豆知識

漢方の目で見る
子どもの体と健康

小児喘息

アレルギー疾患のひとつで、ホコリやダニなどのアレルゲンに対する過敏反応や、風邪による気道の炎症、精神的なストレスなどが引き金になって気道が収縮して起こる気道閉塞の発作です。 もともと気道に過敏性がある子どもがこれらの刺激をうけると、発作をおこしやすいのです。

症状

発作時は、激しい咳と痰、そして気道収縮によるゼーゼーといった喘鳴を伴う呼吸困難が起こります。 重症度は週に幾度も発作を起こす重症例から大きな発作はほとんど起こらないで経過する軽症のものまで、幅があります。 日常的にも喘鳴が出やすく、すぐに息切れがする、痰のからんだ咳をする、といった慢性症状が続く場合もあります。

治療の視点

いかに発作を起こさずに、また、発作が起きても程度が軽く抑えられるようにコントロールすることが一番の目的です。 これは、喘息の症状を重症化させないためにも重要なことですが、それ以外にも子どもが発作のために日常生活に自信を失い、気うつの状態に陥るのを防ぐ為にも大切です。 薬物治療の他に、アレルゲン生活から除去し、それ以外にも気道に対する刺激を避ける生活の注意も必要です。

▼西洋医学の眼
慢性症状の持続の有無や発作の頻度、程度などによって軽症間欠型(ステップ1)、軽症持続型(ステップ2)、中症持続型(ステップ3)、重症持続型(ステップ4)という重症度分類を行い、段階的に治療内容を変えていきます。 軽症のうちは予防的に抗アレルギー薬を継続して服用し、発作時には気管支拡張薬の吸入を行います。 重症度が進んだ場合は、気管支拡張薬の種類や吸引数を増やし、吸入ステロイド薬を定期的に使うこともあります。
成人の喘息の場合は、吸入ステロイドで慢性的な気道炎症を抑えることが治療の第一目標となりますが、小児の場合は、気道炎症はそれほど強くないので、吸入ステロイド薬の評価はまだ定まっていません。 また、成人では重症な発作にステロイド薬の内服も行いますが、子どもでは成長障害をきたすので、出来るだけ避けなければなりません。

▼漢方治療の眼
発作時は西洋薬を中心に症状を抑えるようにします。

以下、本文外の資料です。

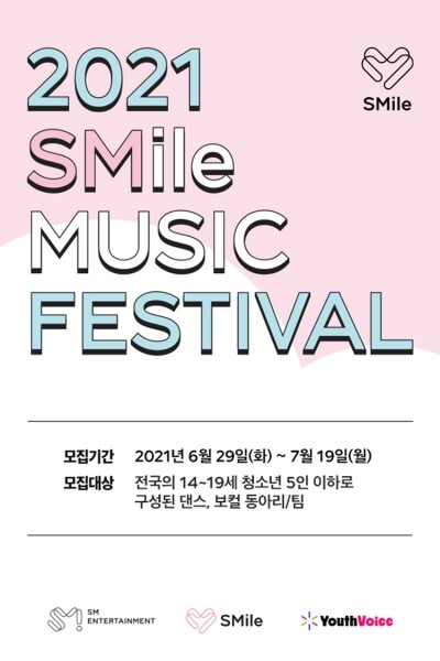 이번 ‘SMile Music Festival’은 전국 14~19세 청소년 중 학교, 기관, 단체에 소속되어 5개월 이상 활동한 경험이 있는 5인 이하 댄스 및 보컬 팀을 대상으로 7월 19일까지 이메일을 통해 참가 신청을 받으며 자세한 사항은 SMTOWN 공식 홈페이지 및 ‘SMile Music Festival’ 공식 홈페이지에서 확인 가능하다.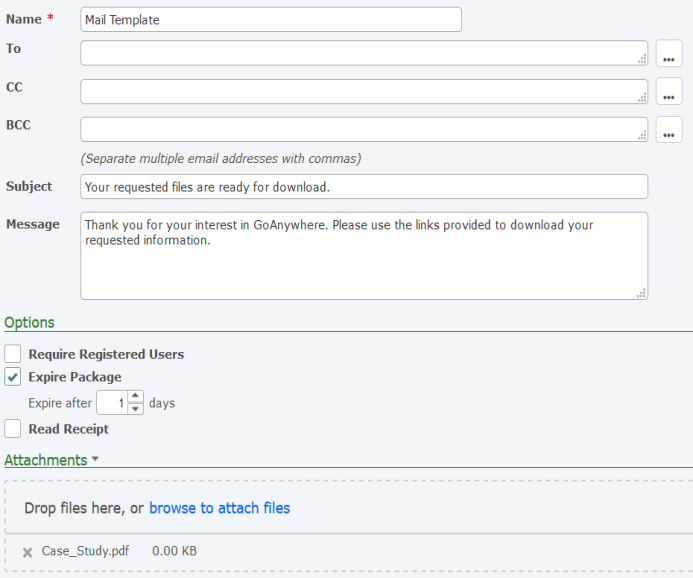 The Add Template page is where mail templates are designed. Specify mail package recipients in the To field, and optionally, the CC or BCC fields. Specify a subject to appear in the email and an optional message. You can then specify security options and add files to the mail template.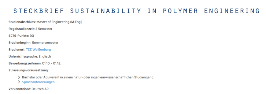 Ab dem Sommersemester 2025 startet am Technologie- und Studienzentrum in Weißenburg der neue Masterstudiengang Sustainability in Polymer Technology.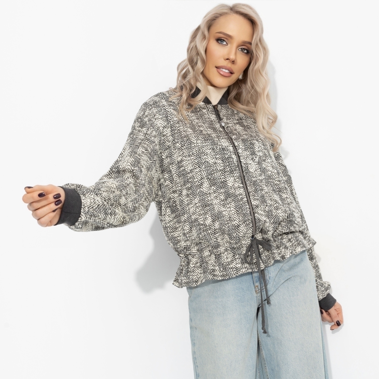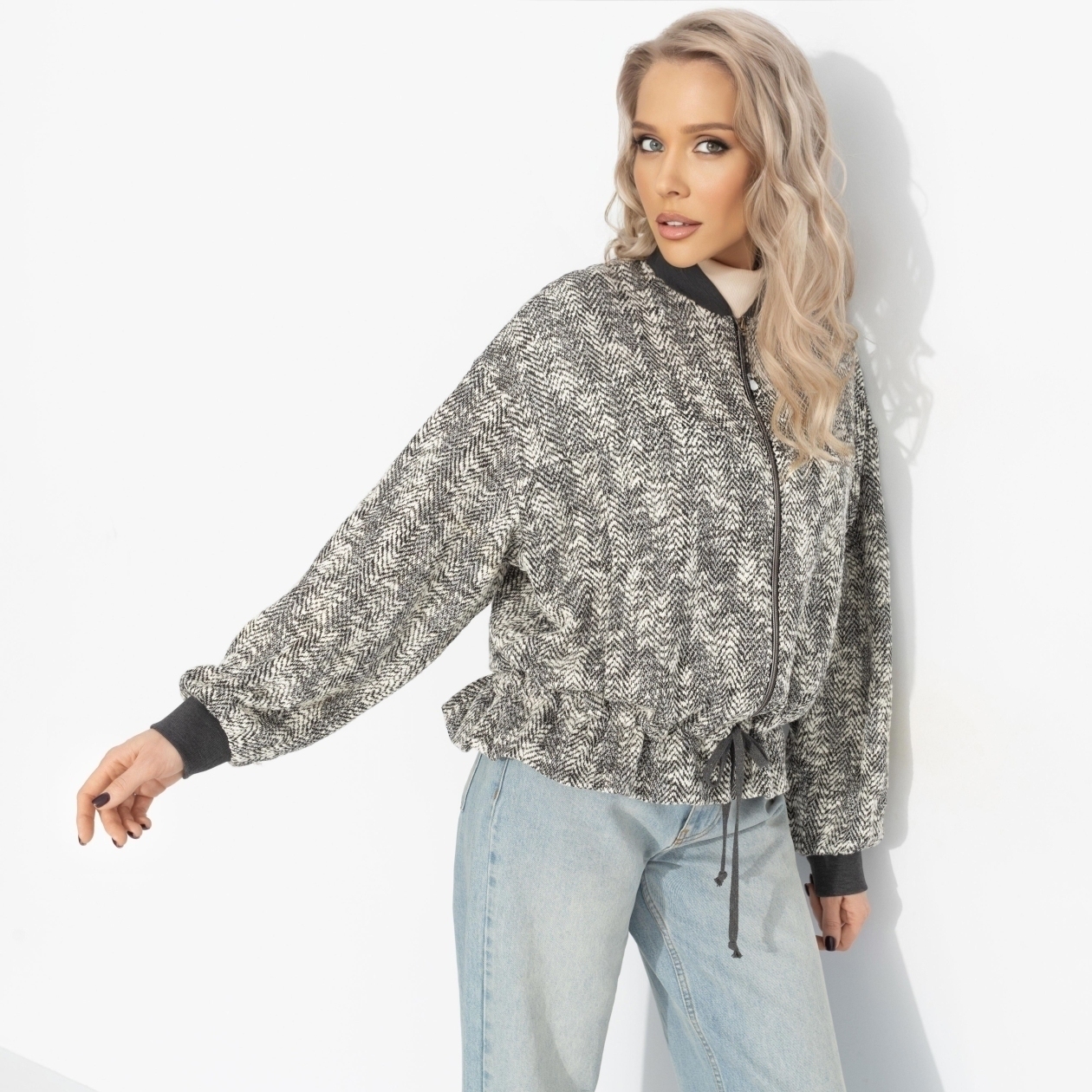 Есть вещи, к которым хочется приксаться бесконечно. Твой новый бомбер из ЧАРУТТИ как раз такой: мягкий футер-жаккард согревает, будто уютный плед, только в формате городской модницы. Бомбер из трикотажа с содержанием хлопка и вискозы. Объемный силуэт со спущенной линией плеча не сковывает движения. Манжеты и воротник из эластичного трикотажа аккуратно облегают, удерживая тепло. По низу – кулиска с декоративным плетеным шнурком, позволяющим регулировать посадку и создавать более собранный или расслабленный силуэт.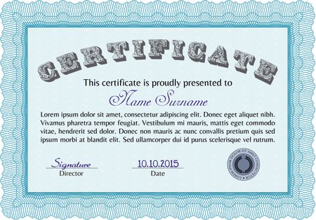 Diploma template. Excellent design. With background. Border, frame. Light blue color.

漢方治療の目的は、虚弱体質を改善したり、アレルギー反応を起こしにくく、風邪をひきにくいからだを作って発作を防ぐといった、全身症状の改善から治癒をはかります。 よく使われる処方は柴朴湯です。抗炎作用があり、胸が重苦しく息苦しい、のどに違和感がある、不安が強いような場合に使われます。
またステロイド依存症(内服ステロイドを使用していないと発作がコントロールできない)症例に併用して、ステロイド薬の減量をはかる目的でも使われることもあります。 この他、咳や痰の症状に合わせて、対症的に処方を加えていきます。

よく使われる漢方処方

柴朴湯:小児喘息には、まずこの処方を使う。神経過敏といった精神面に対しても改善効果が期待できる。

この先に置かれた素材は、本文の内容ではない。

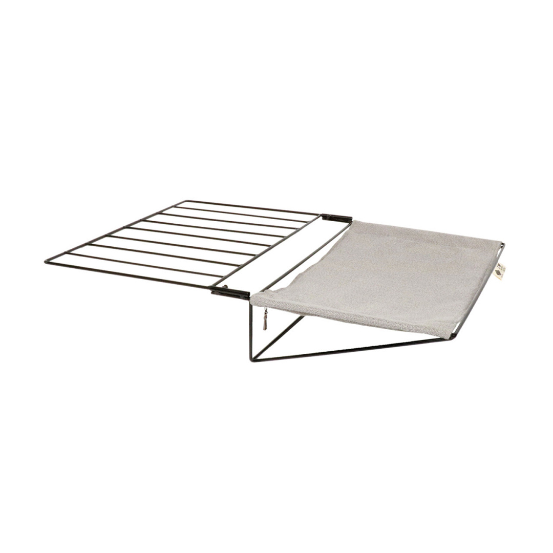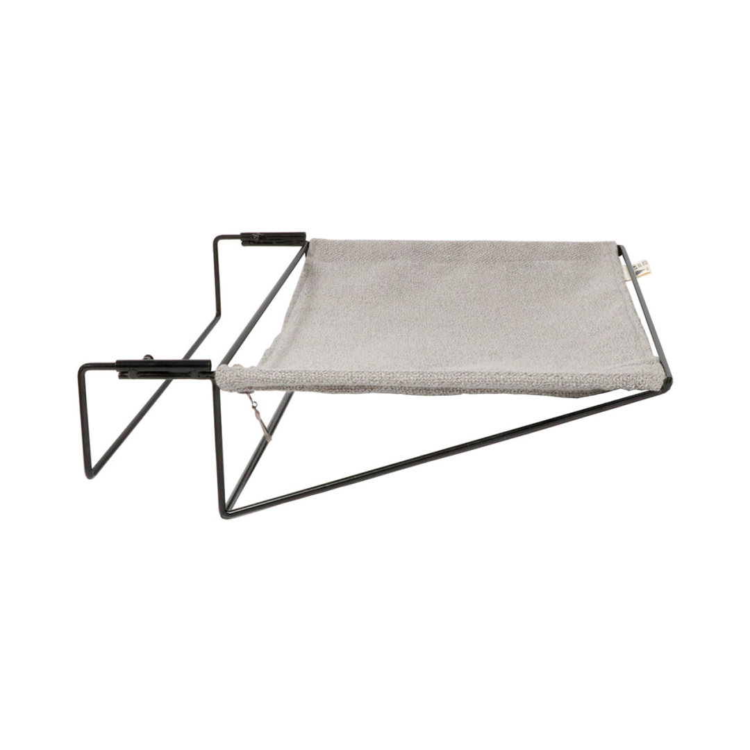 Dankzij de verstelbare klemmen kan ze bij de meeste radiatorontwerpen en bedtypes worden gebruikt. Door haar metalen kader heeft de hangmat een stevige structuur. Het ligoppervlak bestaat uit een mooie interieurstof en kan met ritsen aan het frame worden bevestigd (max. gewicht 10kg).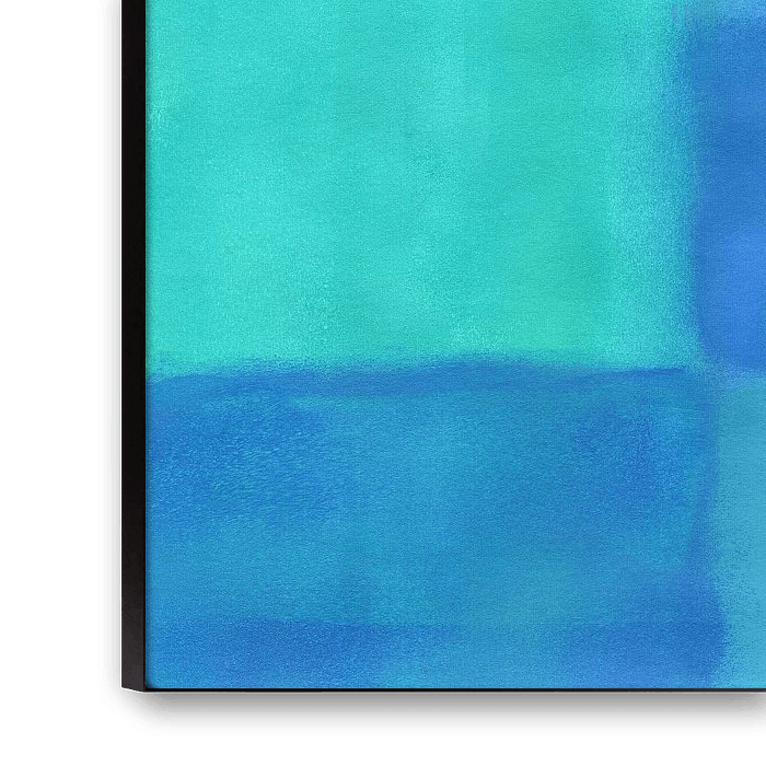 Eine beruhigende Mischung aus Blau- und Türkistönen prägt das Bild. Die Farben sind als geometrische rechteckige Flächen angeordnet und erzeugen eine heitere und besonnene sommerliche Atmosphäre und unterstreichen den minimalistischen, abstrakten Stil.

小青竜湯:薄い鼻水やくしゃみを連発するような、鼻アレルギーを伴い、透明な痰が多いタイプに。

小建中湯:虚弱体質、手足が冷たく、顔色がよくないタイプに、体質改善を目的に使う。

補中益気湯:小建中湯と同様に、虚弱体質改善に使う。夏に体調を崩して発作が強く出るタイプに特に効果が期待される。

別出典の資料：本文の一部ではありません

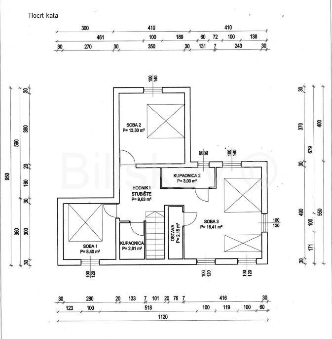 Na katu se nalaze tri spavaće sobe, dvije kupaonice i ostava.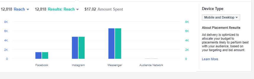 Below you can see this received the best on Messenger which I wasn't totally expecting, but simply because it's a newer place for ads, they are likely to perform better, so it makes sense. I expected Instagram to perform much better than Facebook and I guess this reflects that. In the future I will stick to messenger and Instagram ads!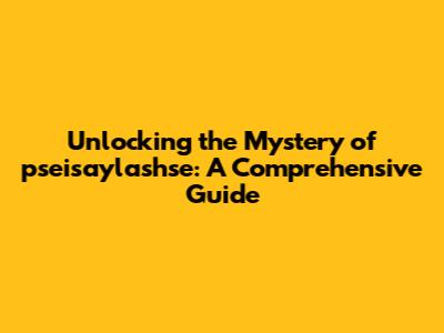 Unlocking The Mystery Of 'pseisaylashse': A Comprehensive Guide

麻杏甘石湯:比較的元気で血色のいい子どもで、咳き込みやすい症例に。ゼイゼイいう乳幼児の喘息性気管支炎や、軽症の発作にも効くことがある。

※麻杏甘石湯や小青竜湯などに含まれる麻黄は、体質の違いによって食欲不振やアトピー性皮膚炎の悪化などを引き起こすので使い方には注意します。